Trauma, especially for a child, can often be so overwhelming that it encourages the therapist to focus solely on the individual. Yet often, the individual lives within a family system and relies on that family system to truly recover from trauma.
Treating The Traumatized Child: A Step-By-Step Family Systems Approach, the new book by Scott P. Sells and Ellen Souder, takes trauma recovery into the family systems model to offer an approach that is effective, encompassing, and grounded in research.
The authors explain that “There is a lack of research and books on how to integrate trauma-informed practice within the context of strategic and structural family therapy.”
When therapists attempt to restructure a family, reduce behavioral problems, and manage defiant behavior without addressing underlying issues of trauma, Sells and Souders tell us, they are left uncertain as to why families relapse and treatment fails.
What is needed is to move from behavioral stabilization to active trauma treatment. Because while the effects of trauma can affect the family many ways and exposure to the individual’s trauma can lead to vicarious trauma, simultaneous trauma, and interfamilial trauma, the family can also be a source of tremendous healing.

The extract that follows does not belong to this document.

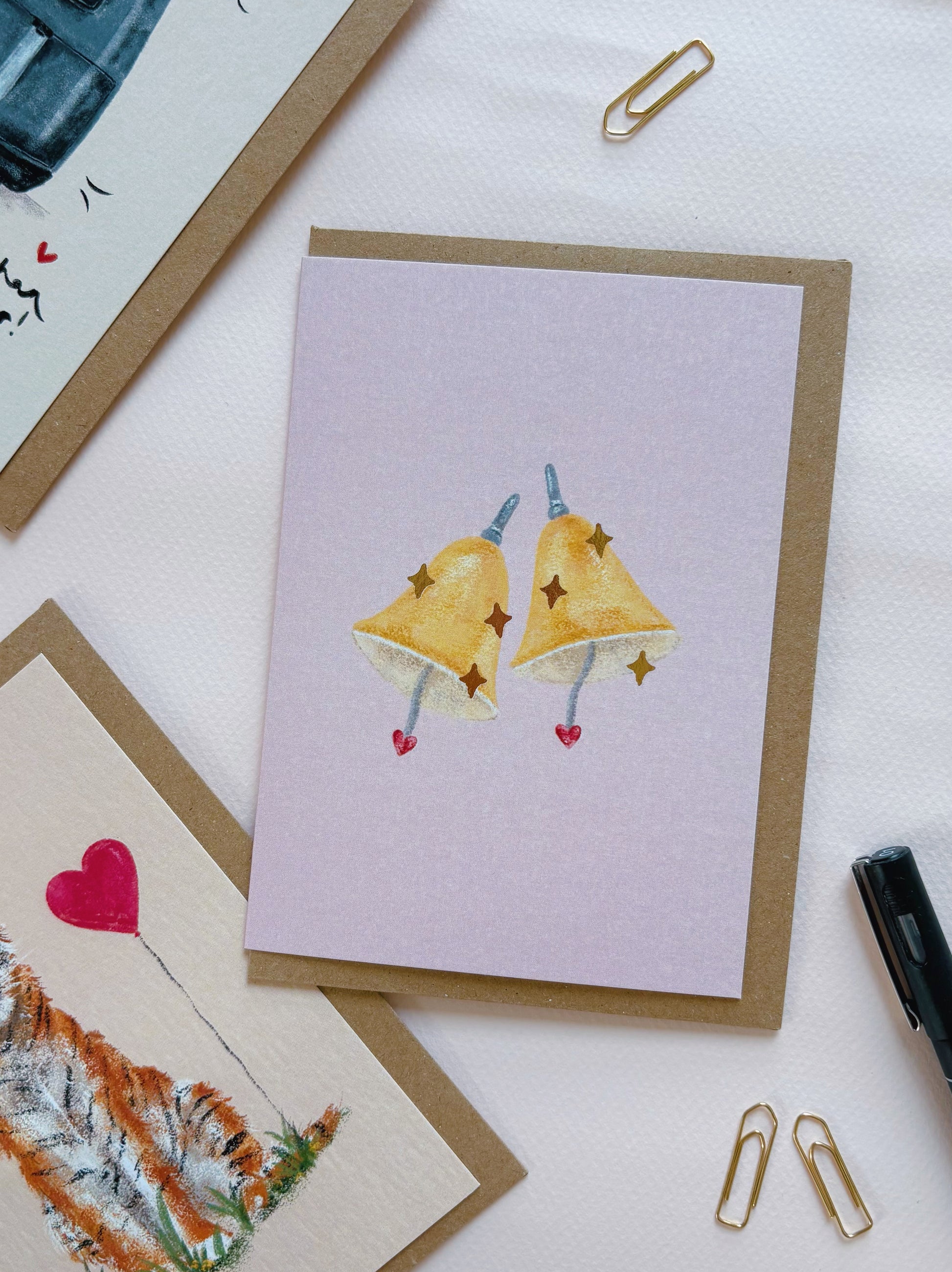 Send your newly engaged or married friends/family a message of love and congratulations with this delicate wedding bells card complete with gold foiled stars.

Sells and Souders write, “These family members not only provide support for the child but can also act as an antidote to the trauma itself. The power of the family as this antidote is limitless if they have a clear playbook, clarified roles, and dress rehearsals to practice playbook delivery. In addition, in the process of healing the child, family members heal themselves”

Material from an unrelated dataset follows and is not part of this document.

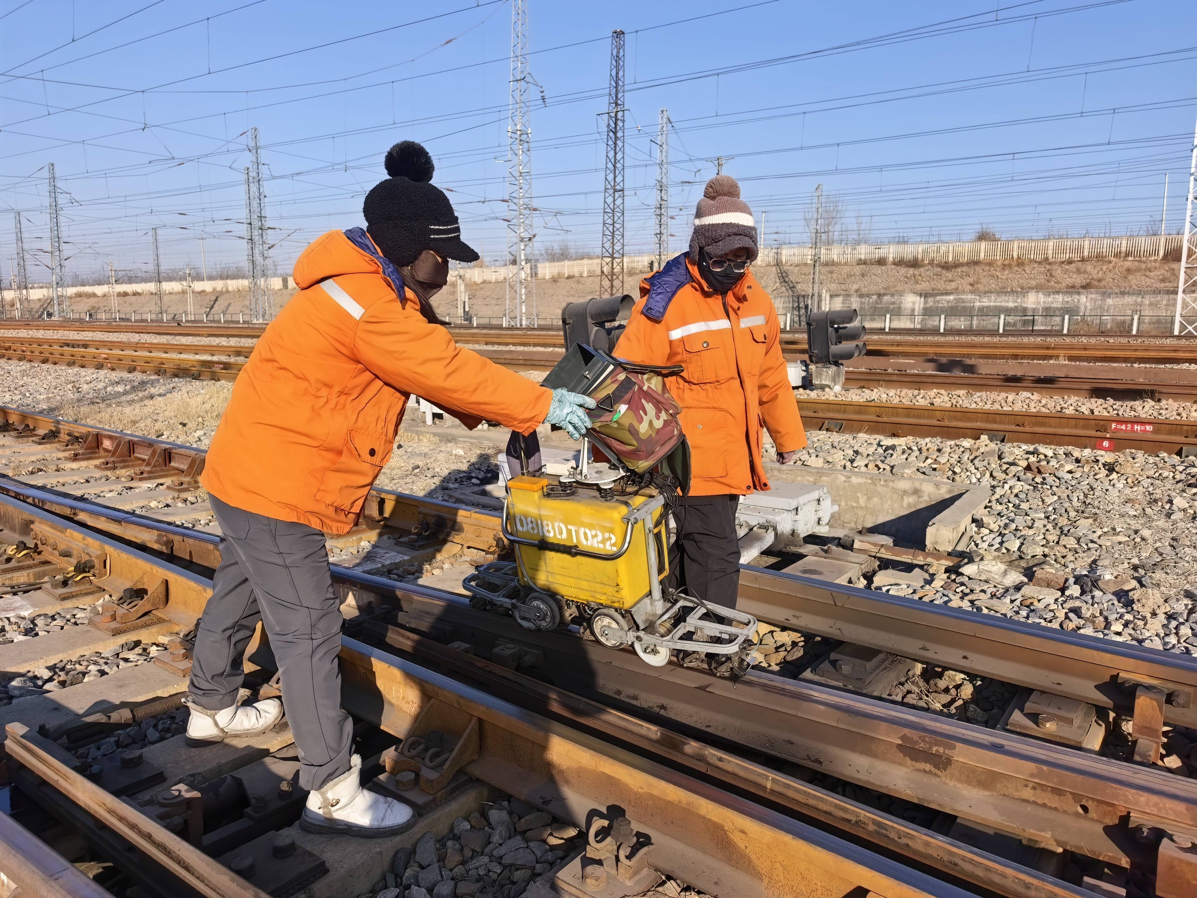 队员们抵达作业地点,抬着探伤仪走向铁轨。新华社记者 郭雅茹 摄柳村女子探伤工区于2007年成立,是中国铁路太原局集团有限公司工务系统的一支女工探伤队伍。作为大秦铁路这条“中国重载第一路”上的特殊力量,11人的班组肩负着大秦线柳村、港站及秦东三个大型编组站181公里线路、403组道岔的钢轨探伤检测任务。春运期间,大秦线车流密集,钢轨的安全保障,是这群探伤工肩上沉甸甸的责任。

Active trauma work first requires stabilization, but Sells and Souders’ method is meant to address what maintains and perpetuates the trauma.
Unresolved traumatic memories fuel emotional and behavior problems which then lead to conflictual family patterns and ongoing painful traumatic memories. Unforgiveness, unresolved grief, family secrets, abandonment, and lack of nurturance are just some examples of the many things that can create unhealthy family undercurrents.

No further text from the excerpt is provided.